Why Is There Controversy Over Social Studies Programs?
Social studies has been, and will continue to be, constantly under attack by critics. The content taught in social studies is constantly being examined. The root reason for this is that learning social studies is a lot more complex than developing an ability or skill such as reading and mathematics. It is almost without boundary or borders.
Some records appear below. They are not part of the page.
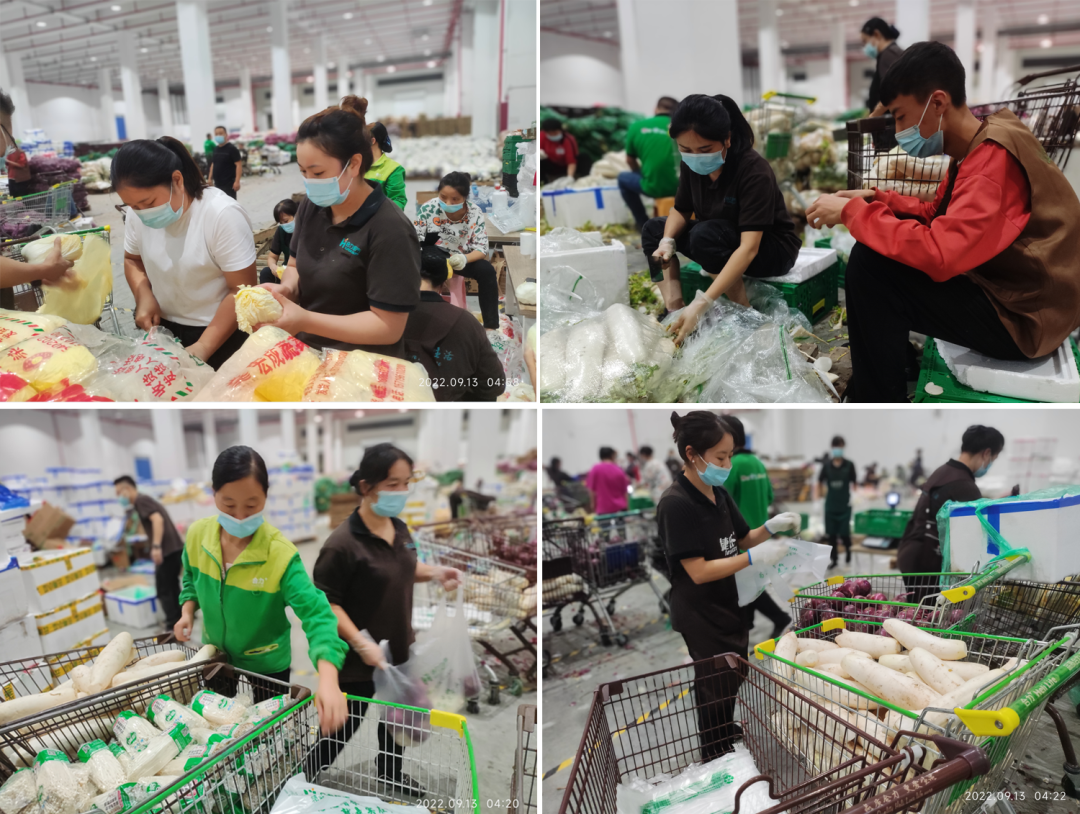 9月12日,各门店订单激增,保供中心扛下了40000个保供套餐包的任务。整个保供小组从9月12日清晨7点开始流水线作业,制作保供套餐包一直到9月13日早晨9点,连续工作26小时!圆满完成任务!
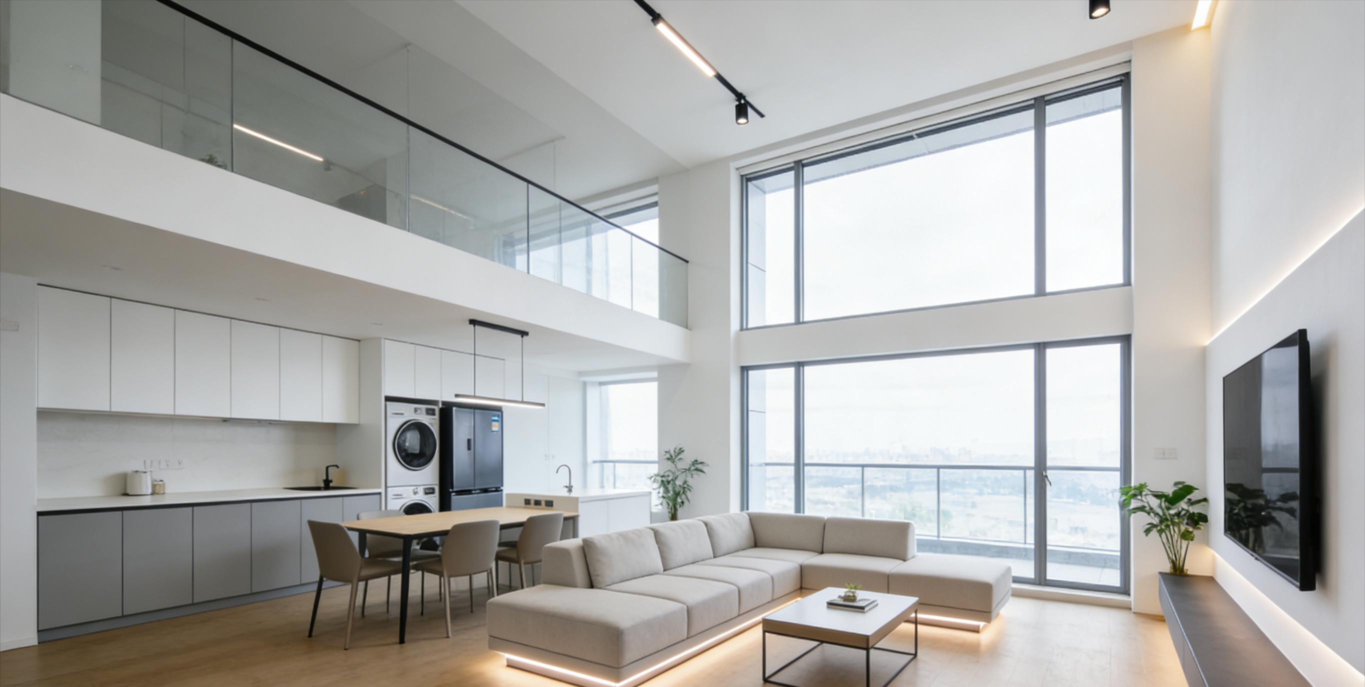 挑空客厅:客厅紧邻厨房,依托挑空区域打造开放式布局,保留全景落地窗,让4.2米挑空带来的通透感与采光优势充分发挥。家具选择简约小巧的直排2.1m模块沙发与悬浮电视柜,电视柜底部留空30cm,可收纳扫地机器人,也让空间更显轻盈。灯光设计摒弃传统主灯,采用磁吸轨道灯+沙发上方线性灯带的组合,既满足照明需求,又避免主灯压层高的问题。
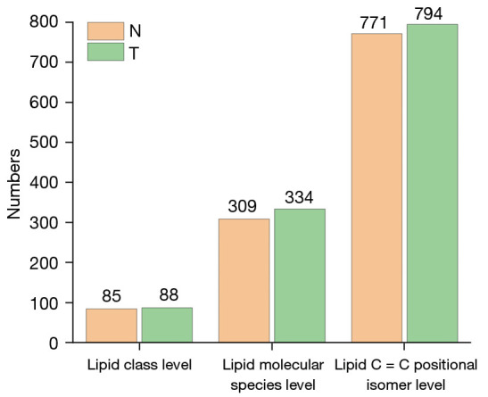 在三个层面上的鉴定结果显示,肺腺癌组织(T组)鉴定的脂质总数略高于正常肺组织(N组)。其中,在C=C位置异构体水平共精准鉴定出794种磷脂。磷脂酰乙醇胺(PE)类脂质中,T组各结构层面的鉴定数目均高于N组;磷脂酰胆碱(PC)类脂质两组鉴定数目无明显差异。两组在三个结构层面鉴定的脂质特征大部分重叠,仅少数低丰度脂质为各组特有。
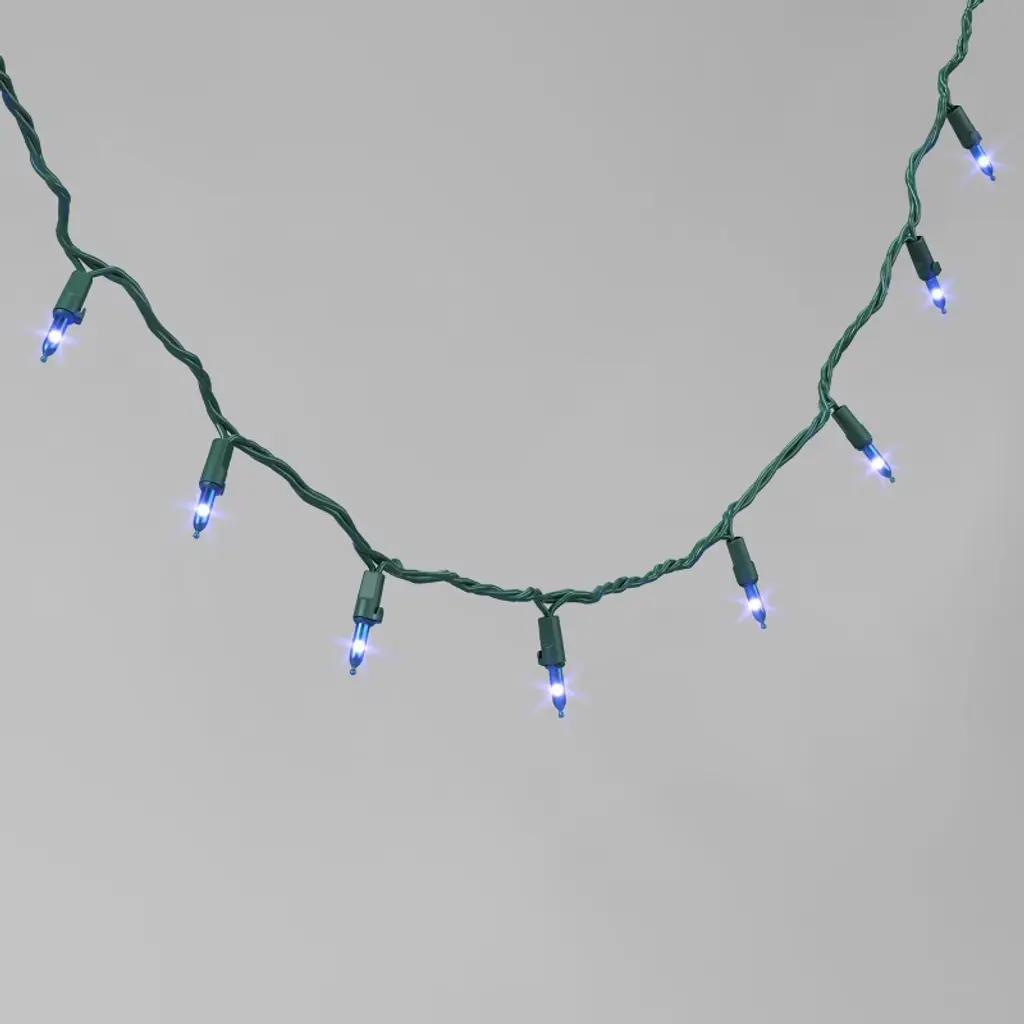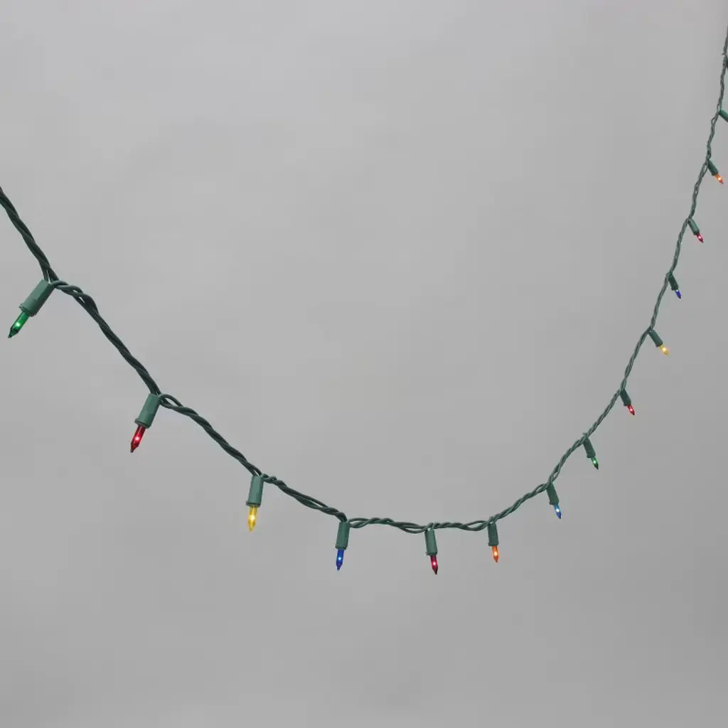 23' long multiple color options light set on green or white wire. Strand is ended connecting with 50 lights with 5.5" spacing. Add sparkle to your home with beautiful incandescent lighting.
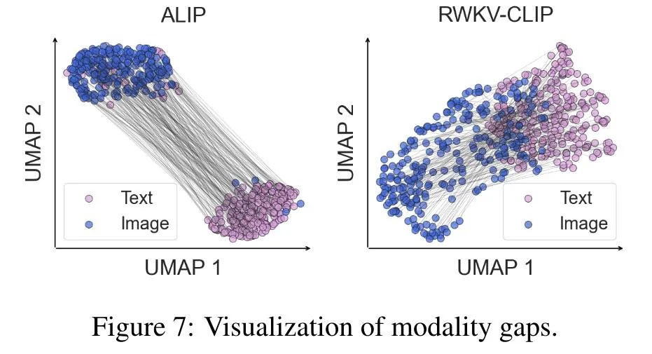 论文结果显示:与 ALIP 相比,RWKV-CLIP 在图像文本模态空间中表现出更近的距离,表明具有卓越的跨模态对齐性能。
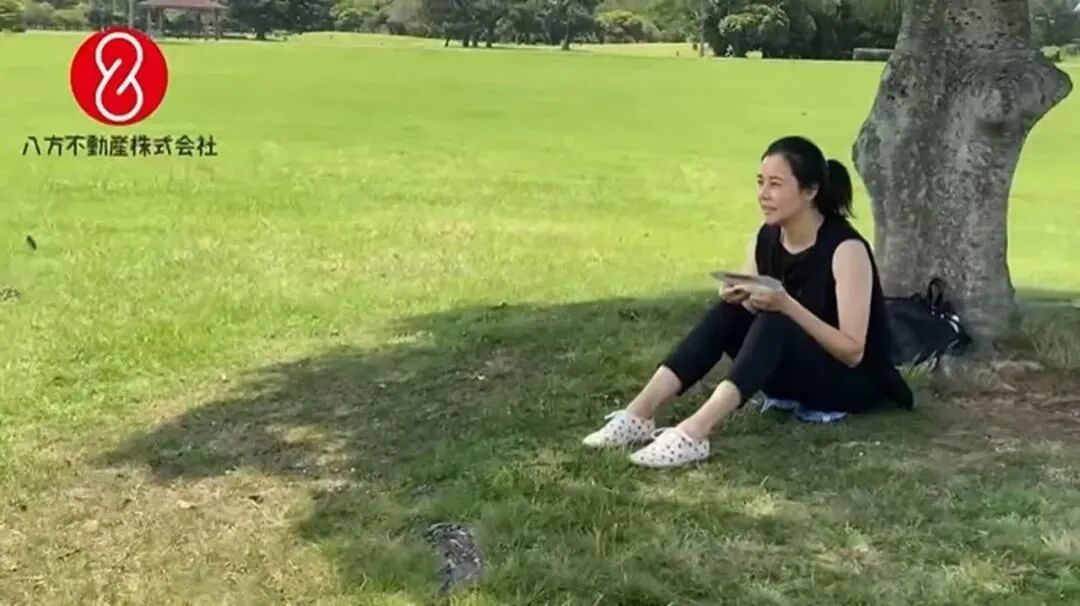 她躺在大树下乘凉,四周全是绿油油的草坪与树木,风景宜人,相当惬意。
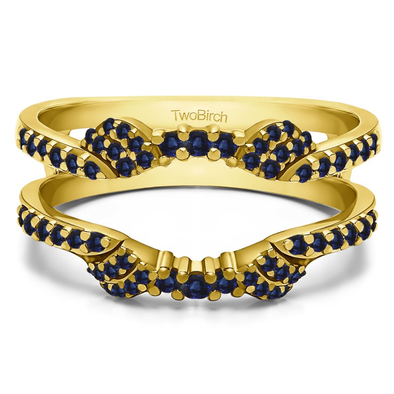 This wedding ring guard has 62 round, prong set stones. Each band measures 1.85 millimeters wide. This ring guard has 0.47 carats total weight. It is made to fit a round solitaire from 0.5 carats to 2, or a princess cut solitaire from 0.25 up to 1.5, or a marquise solitaire from 0.5 up to 1.5 carats.
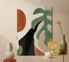 L'immagine presenta un'illustrazione astratta con una grande foglia di monstera nera e il contorno di una mano. Lo sfondo è costituito da forme morbide e fluide nei toni del beige e del marrone, che creano un'atmosfera armoniosa e organica.
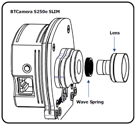 1. Screw the lens onto the BTSensor with the included plastic lens tensioner between the M12 lens adapter and the lens itself. Tighten until proper focus is achieved.
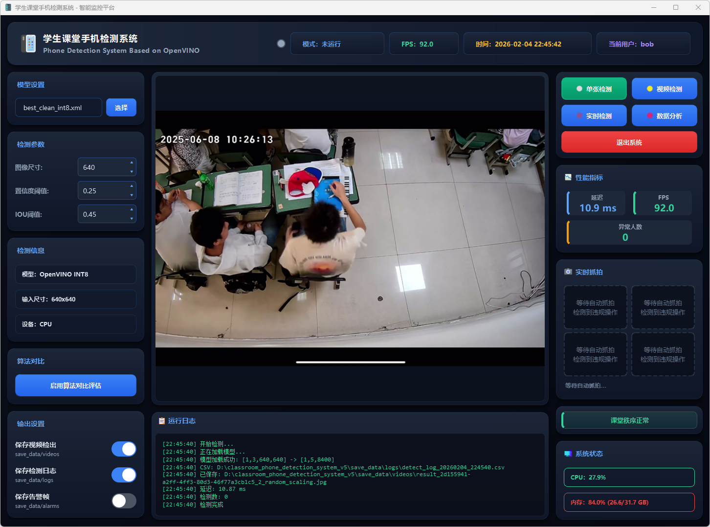 基于改进YOLOv5n与OpenVINO加速的课堂手机实时检测系统,支持单张图片、视频文件及摄像头多模式检测,可自动记录并导出检测结果。
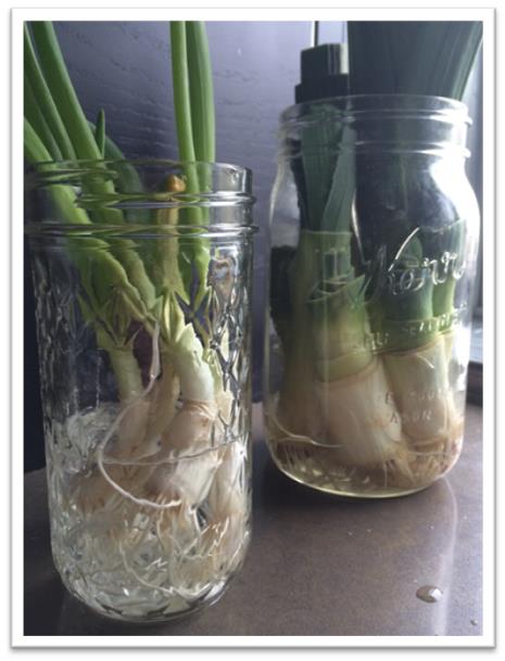 - Save the bottom, bulb portion from your kitchen scrap pile, I trim off most of the green portion, so that the plant can focus its energy on sprouting roots, not feeding leaves.

There are, arguably, five overlapping social studies curricula existing in most elementary and middle schools. First, there is the formal curriculum that is the basis of social studies classes. It usually is prescribed for, or determined by, the teachers and has clearly defined goals and parameters and is embodied in a course of study or sometimes by the textbook used. Second, there is a curriculum that is very pronounced in the primary grades and much less so but still existing later on that has to do with events and with the calendar itself. Holidays, birthdays, seasons, weather, and current events all conspire to form this curriculum which is, by its very nature, more fluid and flexible than the formal curriculum. This second curriculum may be reasoned out by the teacher to relate to the formal curriculum and have corresponding goals. The third curriculum is really embedded in the materials used to teach other subjects, especially reading and language arts. The stories in readers and the literature program deal with people, places, and events, and readers have traditionally paralleled social studies content. Through fictional and nonfictional literature, children are made aware of how people live, think, and get along with others. Science and arithmetic similarly present social studies content, particularly with reference to the stories behind discoveries, inventions, and theories. The fourth curriculum has to do with the organizational functions of the school and the classroom and is embodied in what is taught about the ways to work together and alone, the development and following of class and school rules, and the way that students are taught to act throughout the school day. This curriculum is very closely tied to the fifth curriculum which is becoming increasingly more manifest in schools, the program specifically to develop values and/or character.